• [INFORMATION]
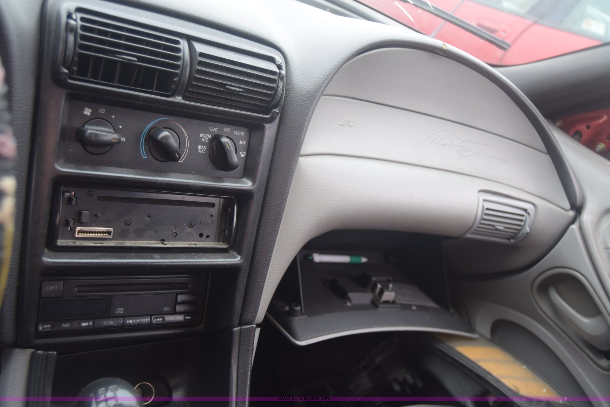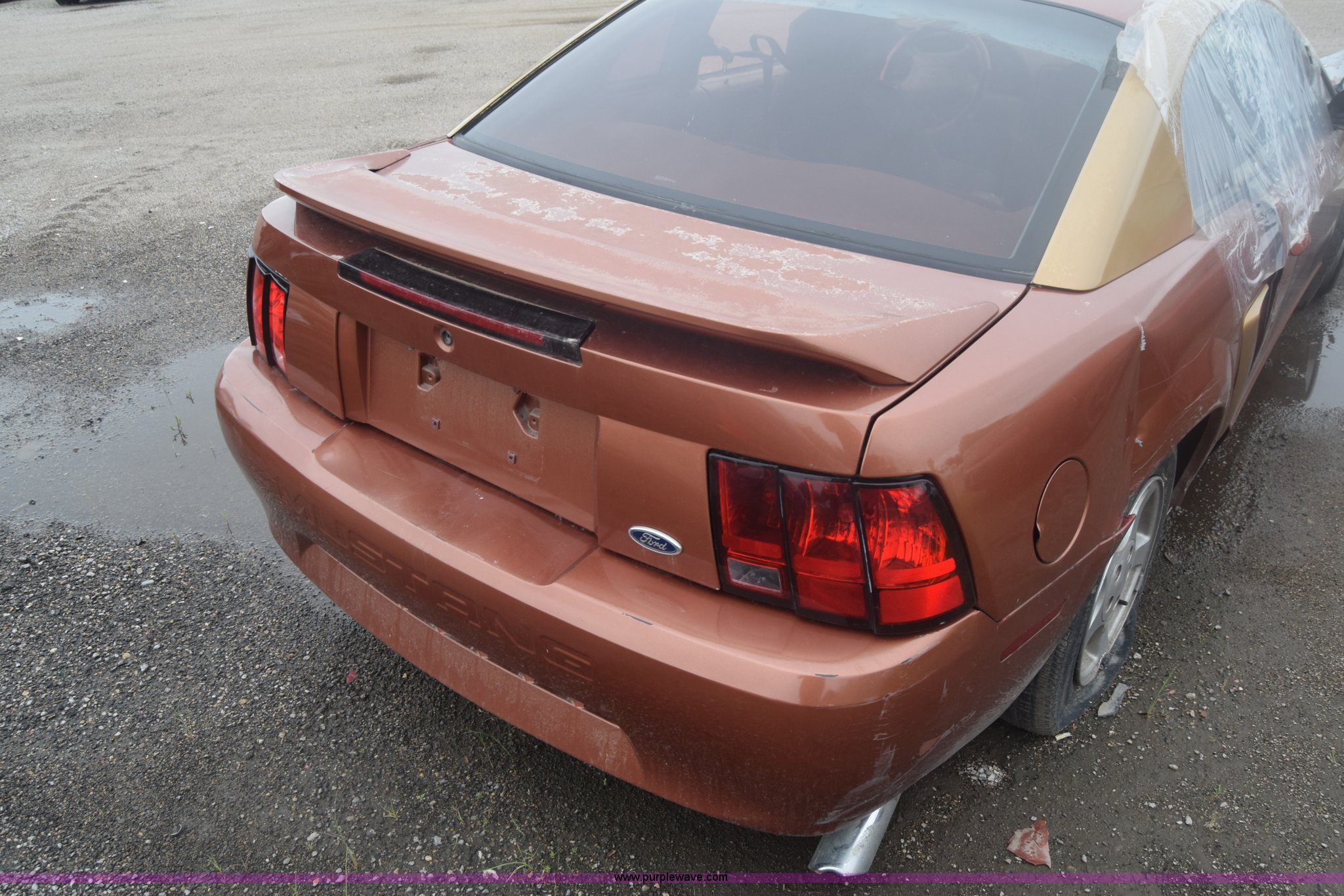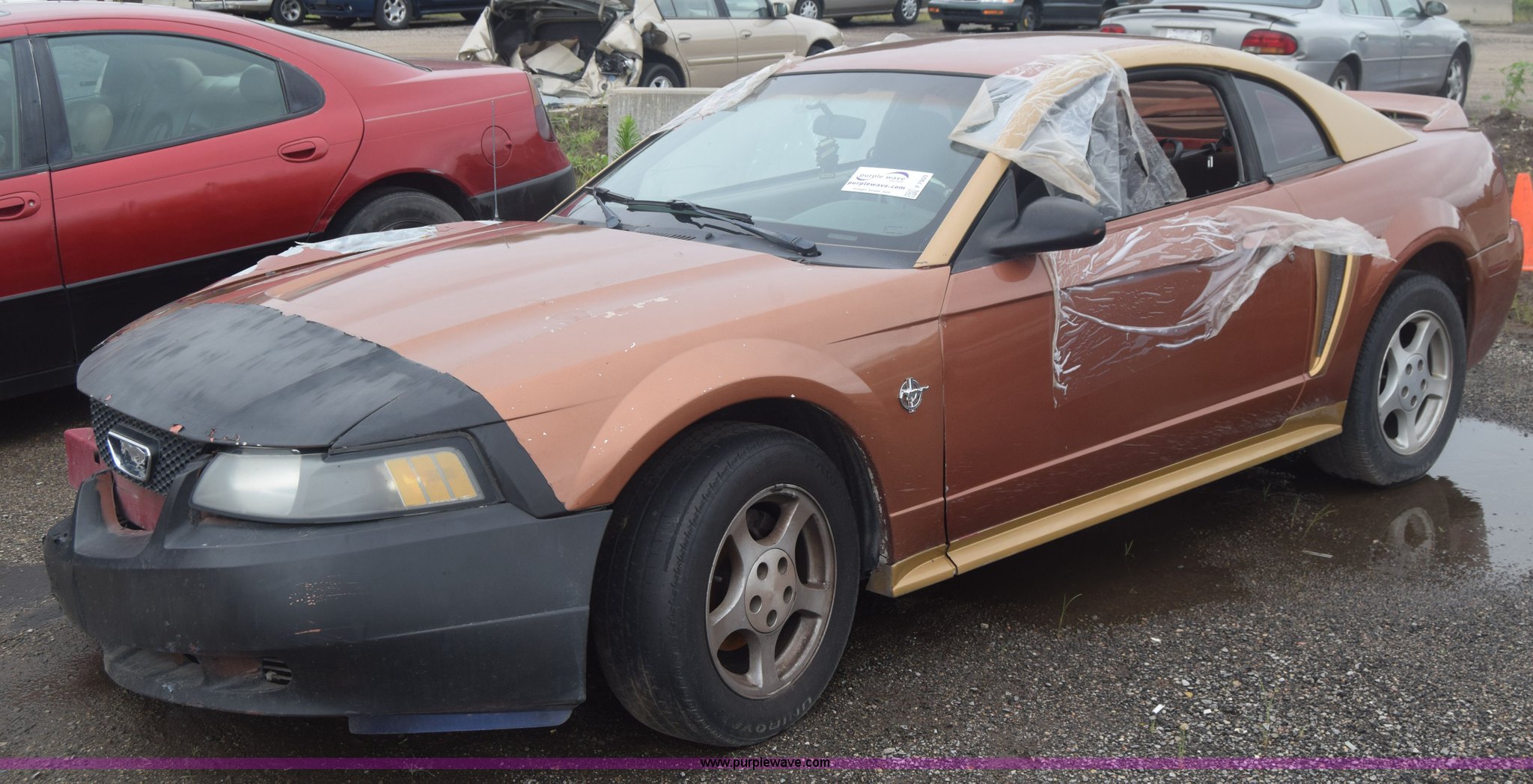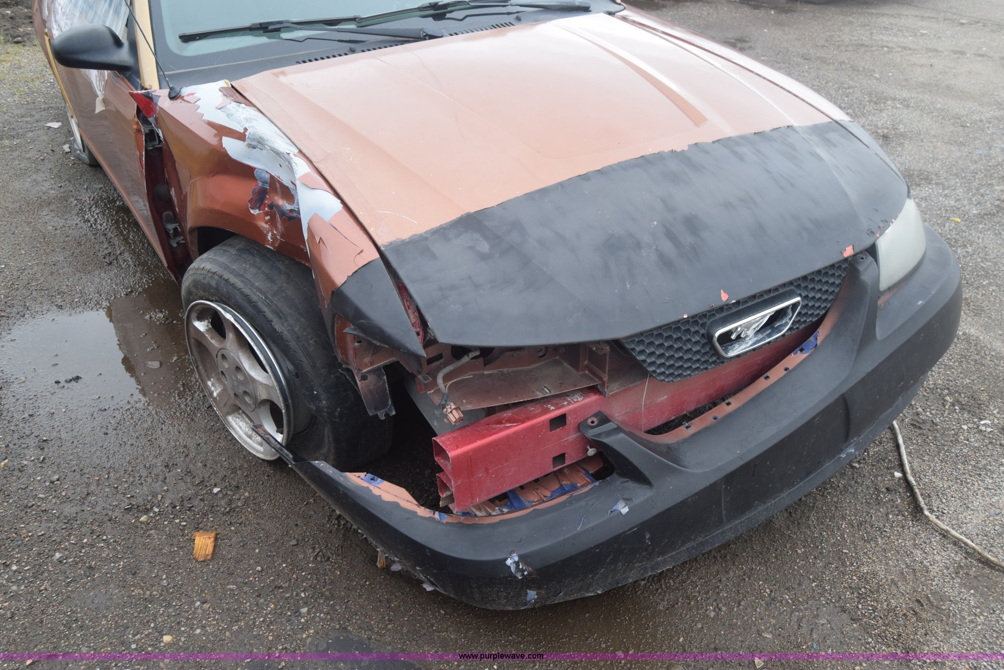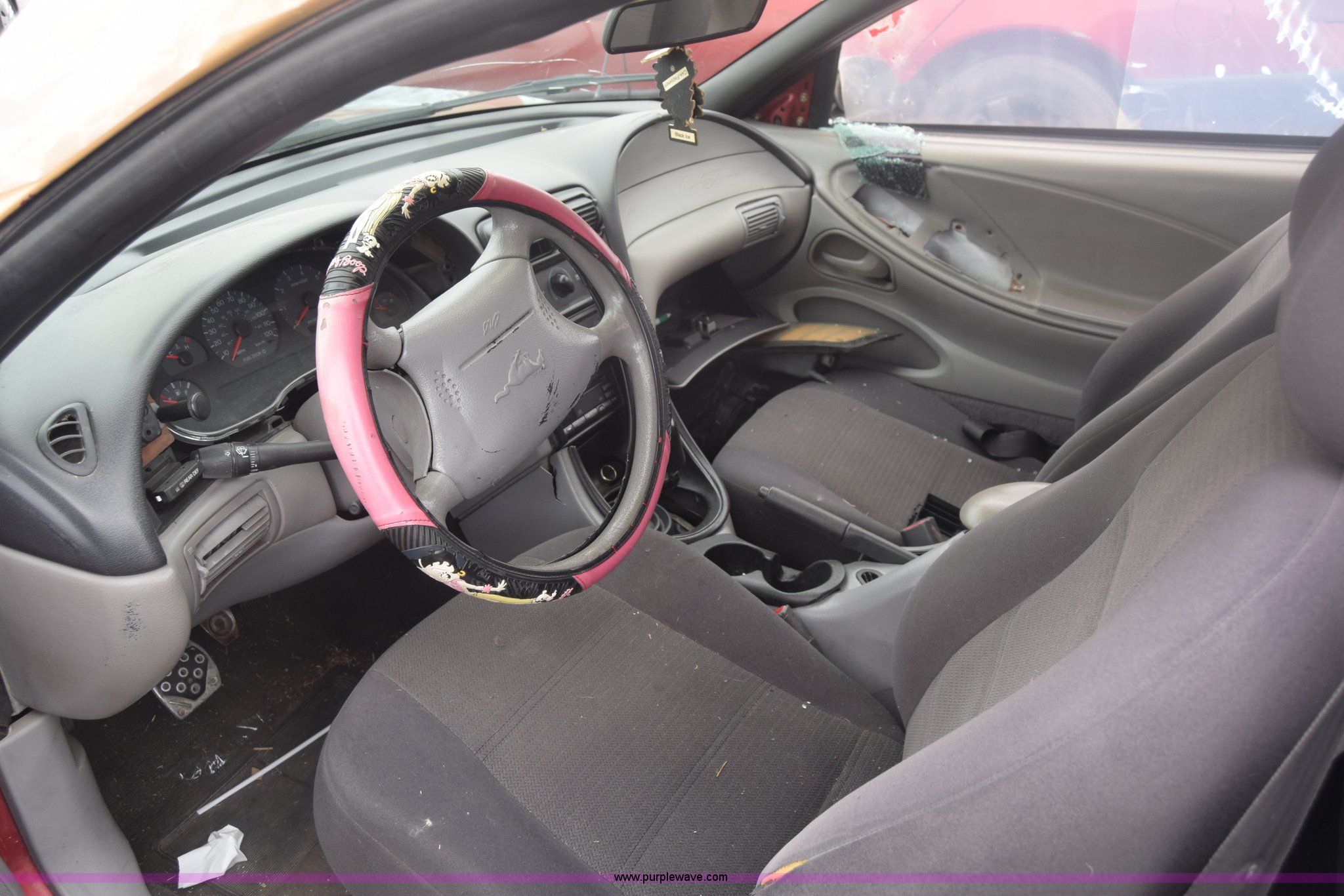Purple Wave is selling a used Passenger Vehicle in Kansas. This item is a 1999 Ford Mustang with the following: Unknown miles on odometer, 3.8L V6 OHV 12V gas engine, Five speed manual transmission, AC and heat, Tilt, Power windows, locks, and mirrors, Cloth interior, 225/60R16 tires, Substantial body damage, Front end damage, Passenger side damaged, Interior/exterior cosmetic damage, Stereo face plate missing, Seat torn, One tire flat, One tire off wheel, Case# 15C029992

...

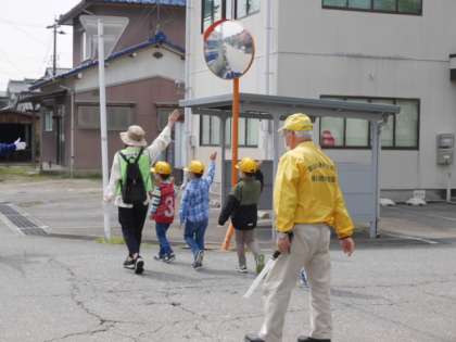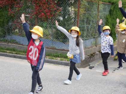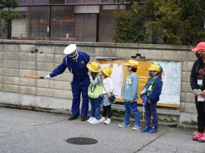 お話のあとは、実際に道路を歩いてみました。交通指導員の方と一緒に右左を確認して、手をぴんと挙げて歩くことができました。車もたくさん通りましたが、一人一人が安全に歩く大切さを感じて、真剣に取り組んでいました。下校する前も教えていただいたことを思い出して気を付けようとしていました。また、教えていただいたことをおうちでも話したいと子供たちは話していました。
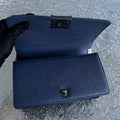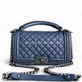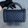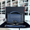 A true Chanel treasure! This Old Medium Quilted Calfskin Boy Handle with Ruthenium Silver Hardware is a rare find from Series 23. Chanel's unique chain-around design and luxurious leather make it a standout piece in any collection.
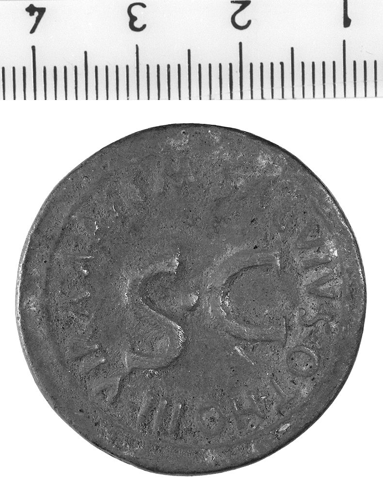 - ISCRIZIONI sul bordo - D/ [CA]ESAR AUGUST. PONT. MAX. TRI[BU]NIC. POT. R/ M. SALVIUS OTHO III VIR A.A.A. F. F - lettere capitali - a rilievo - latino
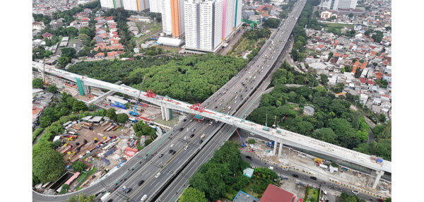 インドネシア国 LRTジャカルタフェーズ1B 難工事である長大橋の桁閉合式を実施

• [TASK INSTRUCTIONS] What you return must match, character for character, the lines above from the one with "- ISCRIZIONI sul" through the one with "インドネシア国 LRTジャカルタフェーズ1B 難工事である長大橋の桁閉合式を実施", minus any pictures.

• [OUTPUT OF THE TASK]
 - ISCRIZIONI sul bordo - D/ [CA]ESAR AUGUST. PONT. MAX. TRI[BU]NIC. POT. R/ M. SALVIUS OTHO III VIR A.A.A. F. F - lettere capitali - a rilievo - latino
 インドネシア国 LRTジャカルタフェーズ1B 難工事である長大橋の桁閉合式を実施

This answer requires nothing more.